======== Data block ========

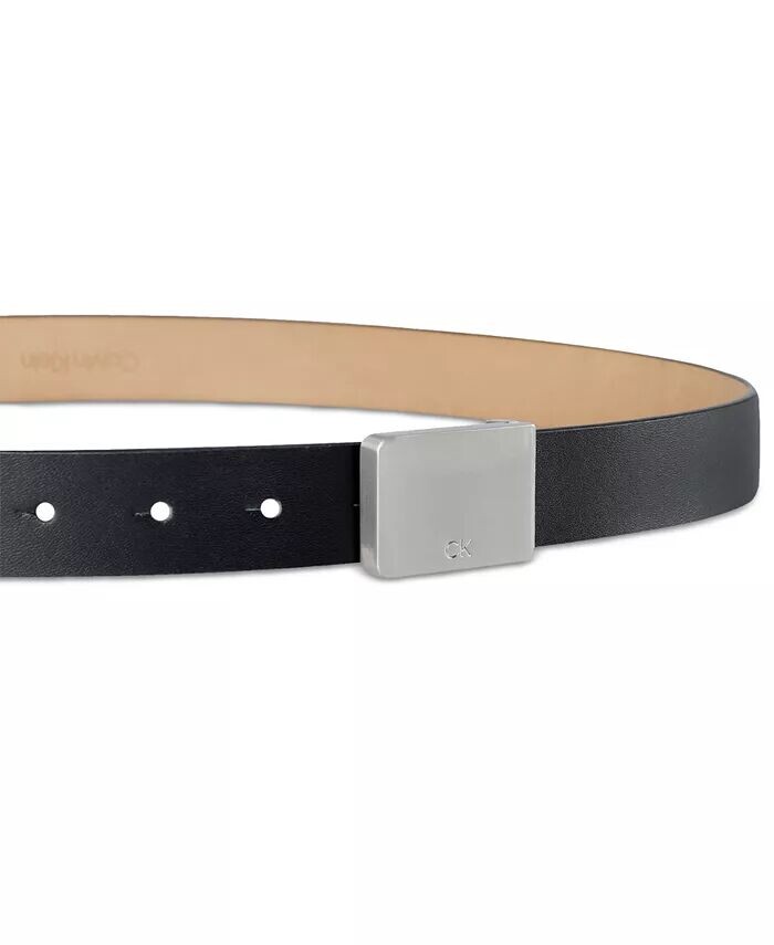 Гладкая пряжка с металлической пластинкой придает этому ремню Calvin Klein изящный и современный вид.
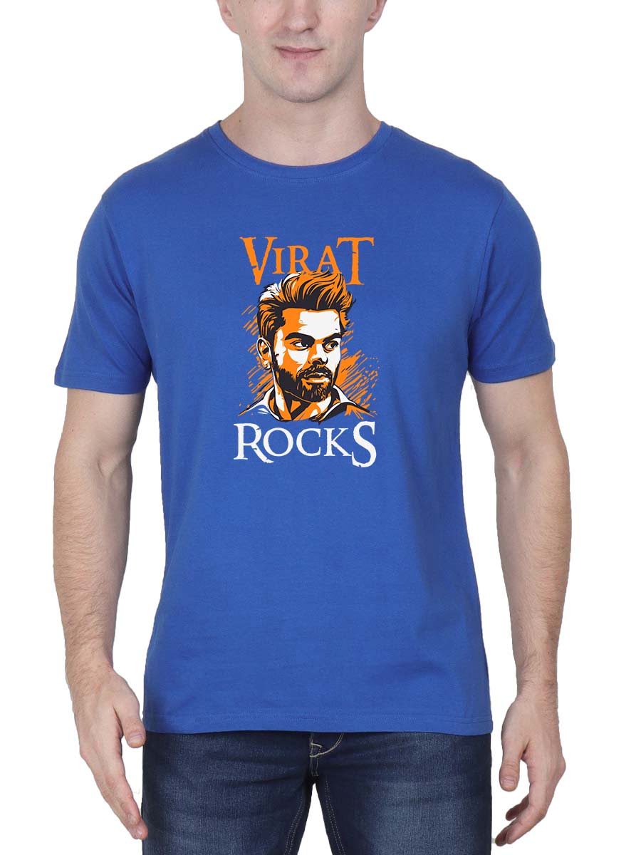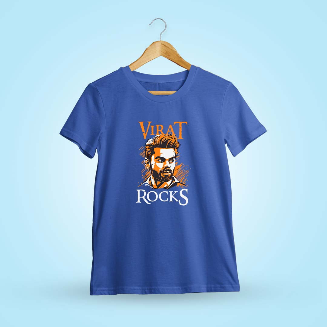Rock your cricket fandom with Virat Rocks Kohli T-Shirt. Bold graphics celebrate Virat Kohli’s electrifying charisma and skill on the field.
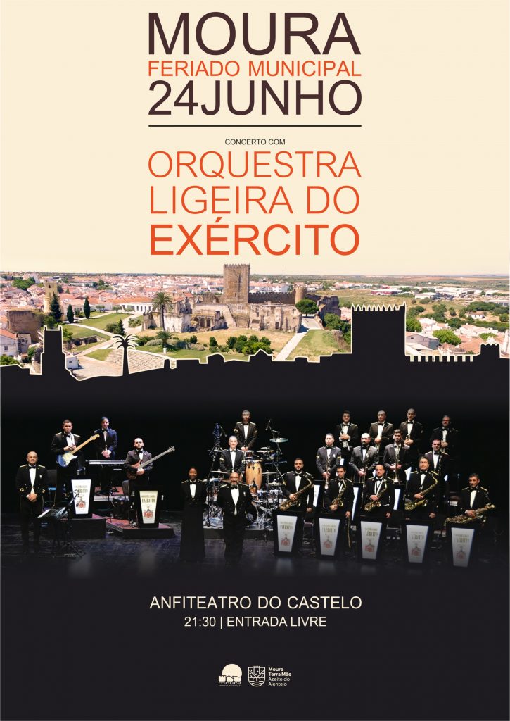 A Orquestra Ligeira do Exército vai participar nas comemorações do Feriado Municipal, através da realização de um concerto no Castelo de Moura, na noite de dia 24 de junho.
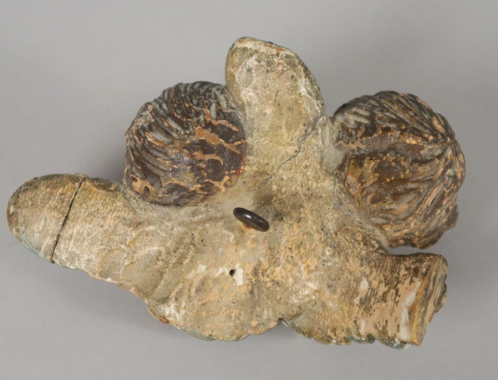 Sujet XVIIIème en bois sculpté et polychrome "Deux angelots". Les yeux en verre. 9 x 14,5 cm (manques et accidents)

========

From the first line to the last, write out the data above exactly. Omit the pictures.

 Гладкая пряжка с металлической пластинкой придает этому ремню Calvin Klein изящный и современный вид.
Rock your cricket fandom with Virat Rocks Kohli T-Shirt. Bold graphics celebrate Virat Kohli’s electrifying charisma and skill on the field.
 A Orquestra Ligeira do Exército vai participar nas comemorações do Feriado Municipal, através da realização de um concerto no Castelo de Moura, na noite de dia 24 de junho.
 Sujet XVIIIème en bois sculpté et polychrome "Deux angelots". Les yeux en verre. 9 x 14,5 cm (manques et accidents)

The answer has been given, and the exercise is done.